(Work request):
Without the pictures, repeat all of the data exactly as it appears below.
━━━━━ Source material ━━━━━
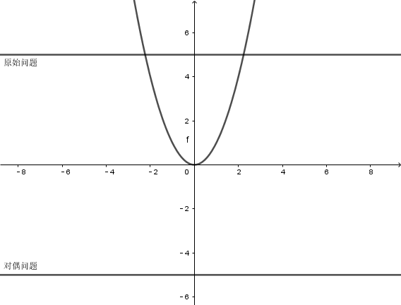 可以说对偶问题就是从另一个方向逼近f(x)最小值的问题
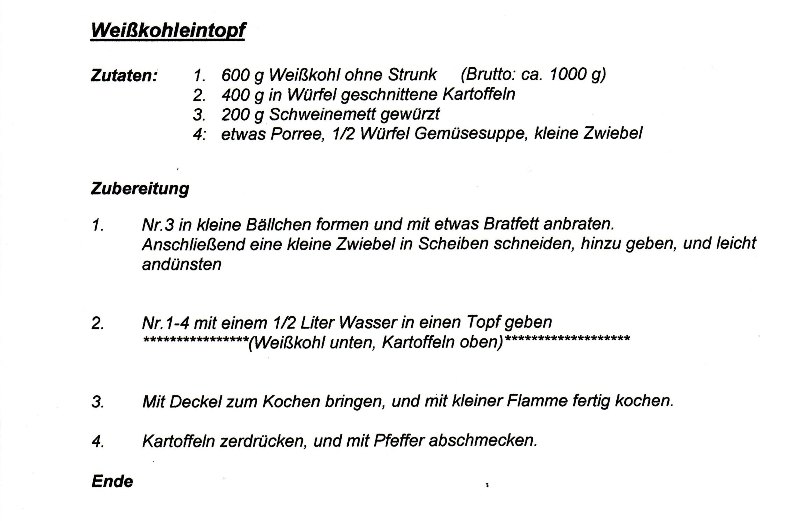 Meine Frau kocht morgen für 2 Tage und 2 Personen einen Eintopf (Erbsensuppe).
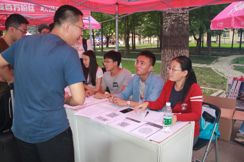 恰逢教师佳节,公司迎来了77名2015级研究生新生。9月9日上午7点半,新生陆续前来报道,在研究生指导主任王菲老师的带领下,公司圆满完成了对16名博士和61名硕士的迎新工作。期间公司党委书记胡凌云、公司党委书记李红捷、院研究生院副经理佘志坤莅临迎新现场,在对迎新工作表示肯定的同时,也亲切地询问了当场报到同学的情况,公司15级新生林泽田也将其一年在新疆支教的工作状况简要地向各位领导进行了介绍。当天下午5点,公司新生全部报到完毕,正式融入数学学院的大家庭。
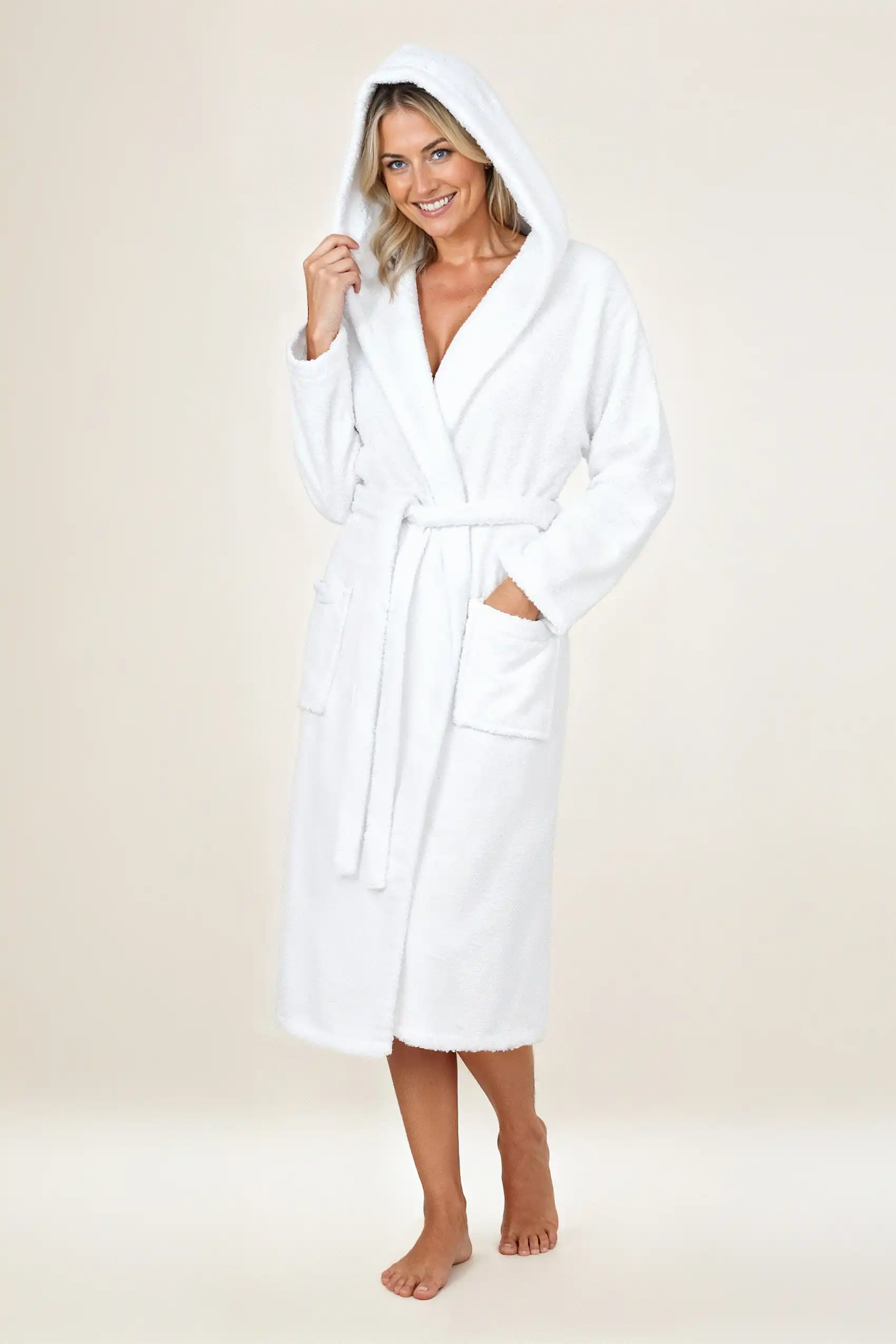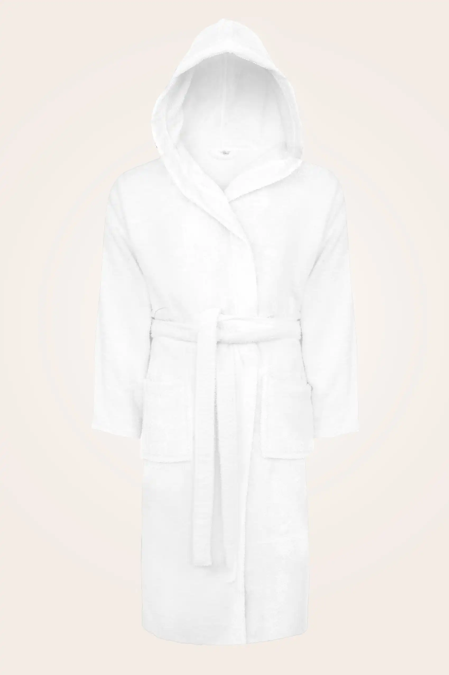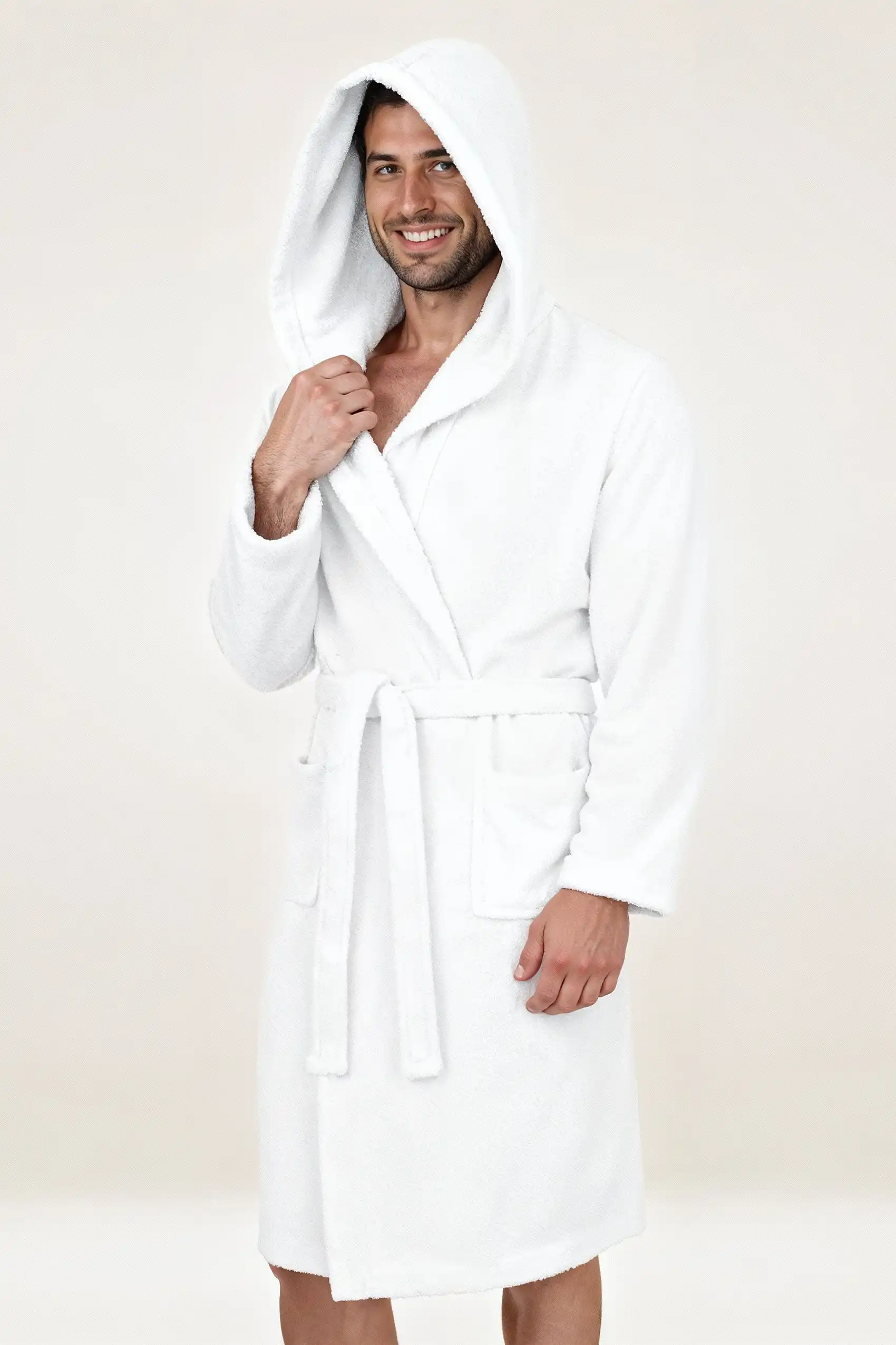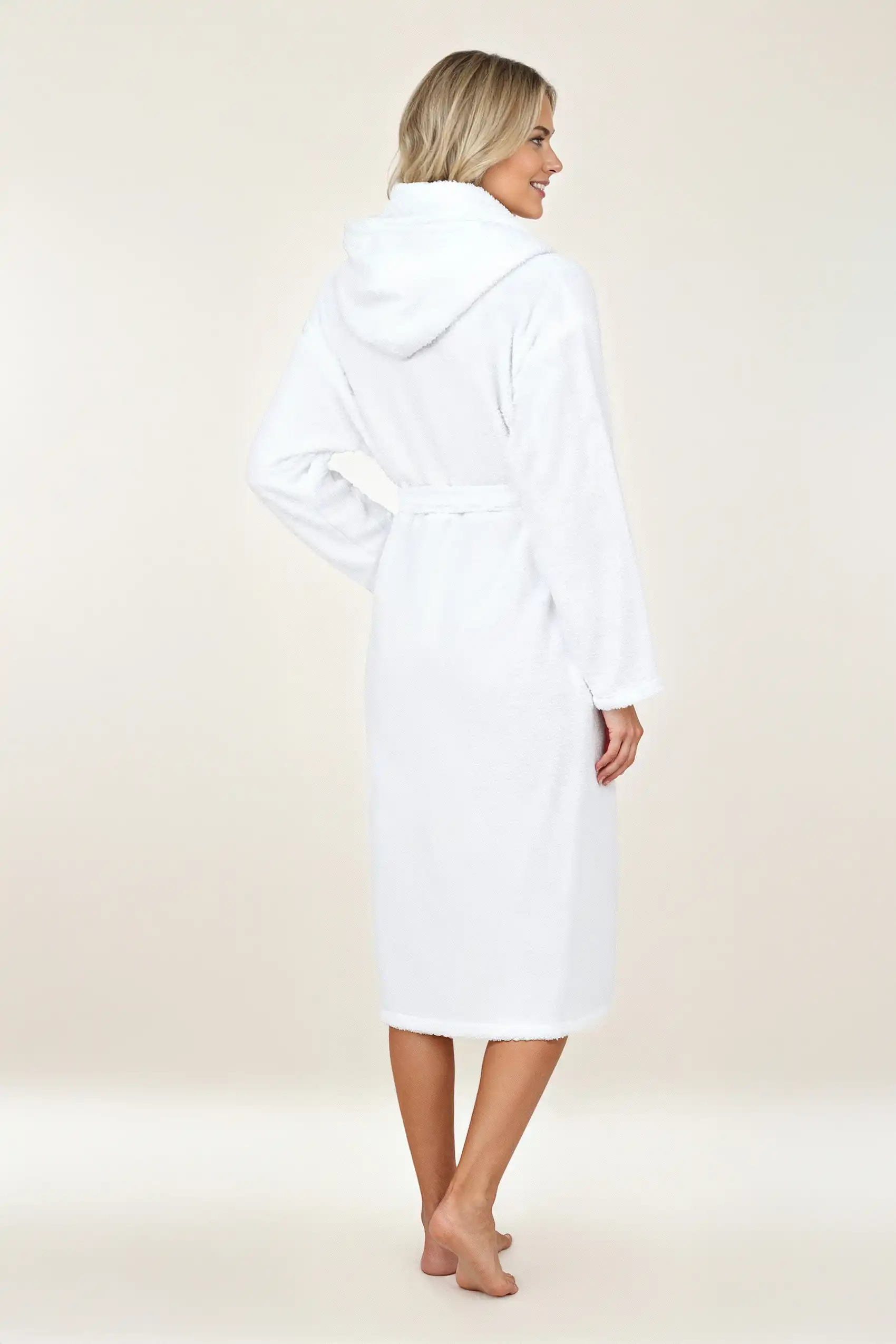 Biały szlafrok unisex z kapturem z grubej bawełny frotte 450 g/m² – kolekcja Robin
━━━━━
(Expected output):
 可以说对偶问题就是从另一个方向逼近f(x)最小值的问题
 Meine Frau kocht morgen für 2 Tage und 2 Personen einen Eintopf (Erbsensuppe).
 恰逢教师佳节,公司迎来了77名2015级研究生新生。9月9日上午7点半,新生陆续前来报道,在研究生指导主任王菲老师的带领下,公司圆满完成了对16名博士和61名硕士的迎新工作。期间公司党委书记胡凌云、公司党委书记李红捷、院研究生院副经理佘志坤莅临迎新现场,在对迎新工作表示肯定的同时,也亲切地询问了当场报到同学的情况,公司15级新生林泽田也将其一年在新疆支教的工作状况简要地向各位领导进行了介绍。当天下午5点,公司新生全部报到完毕,正式融入数学学院的大家庭。
 Biały szlafrok unisex z kapturem z grubej bawełny frotte 450 g/m² – kolekcja Robin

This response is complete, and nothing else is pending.